“Don’t you even know what you’re going to write on or anything that you’re going to say?” asked Betty, who always wrote her papers as soon as they were assigned, to get them off her mind, and who longed to know the secret of waiting serenely until the eleventh hour.
“Why, I had a plan,” answered Mary absently, “but I’ve waited so long that I hardly know if I can use it.”
Just then Alice Waite and her roommate came panting up the hill, and Mary, who seldom took much exercise and was very tired, fell back to the rear of the procession. But when the freshmen stopped in front of the Hilton House she trilled and waved her hand to attract their attention.
“Oh. Betty, please take my skates home,” she said as she limped up to the group. Then she smiled what Roberta had named her “beamish” smile. “I know what you girls are talking about,” she said. “Will you give me a supper at Holmes’s if I’m right?”
“Yes,” said Katherine recklessly, “for you couldn’t possibly guess.

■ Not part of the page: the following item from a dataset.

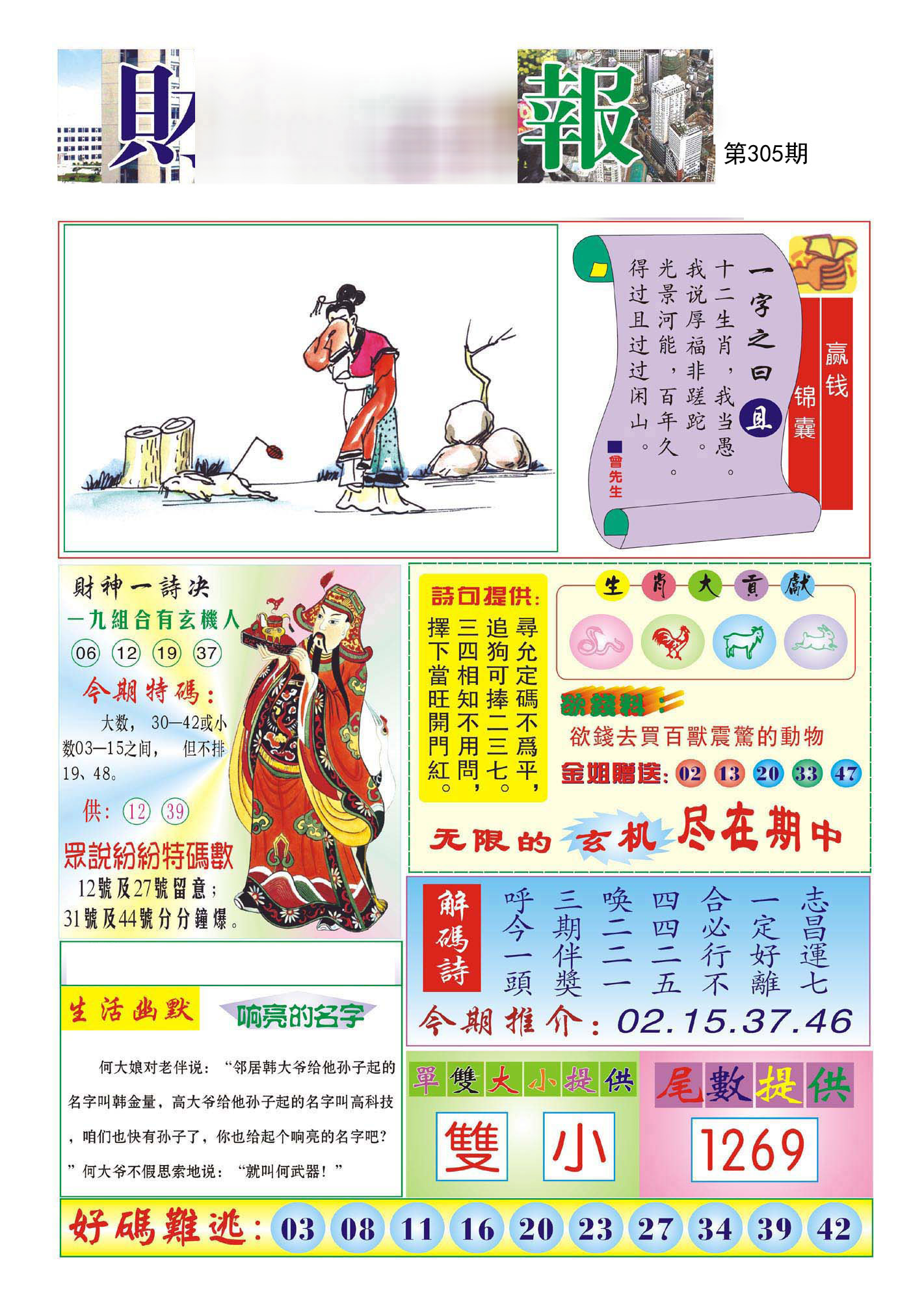305期必中⑩码: 49 37 31 14 17 22 03 40 35 32

What was it?”
“You’re wondering about those fifty freshmen,” answered Mary promptly.
“What freshmen?” demanded the four girls in a chorus, utterly ignoring the lost wager.
“Why, those fifty who, according to a perfectly baseless rumor, are going to be sent home after mid-years.”
“What do you mean?” gasped Betty.
“Hadn’t you heard?” asked Mary soothingly. “Well, I’m sure it will be all over the college by this afternoon. Now understand, I don’t believe it’s true. If it were ten or even twenty it might be, but fifty–why, girls, it’s preposterous!”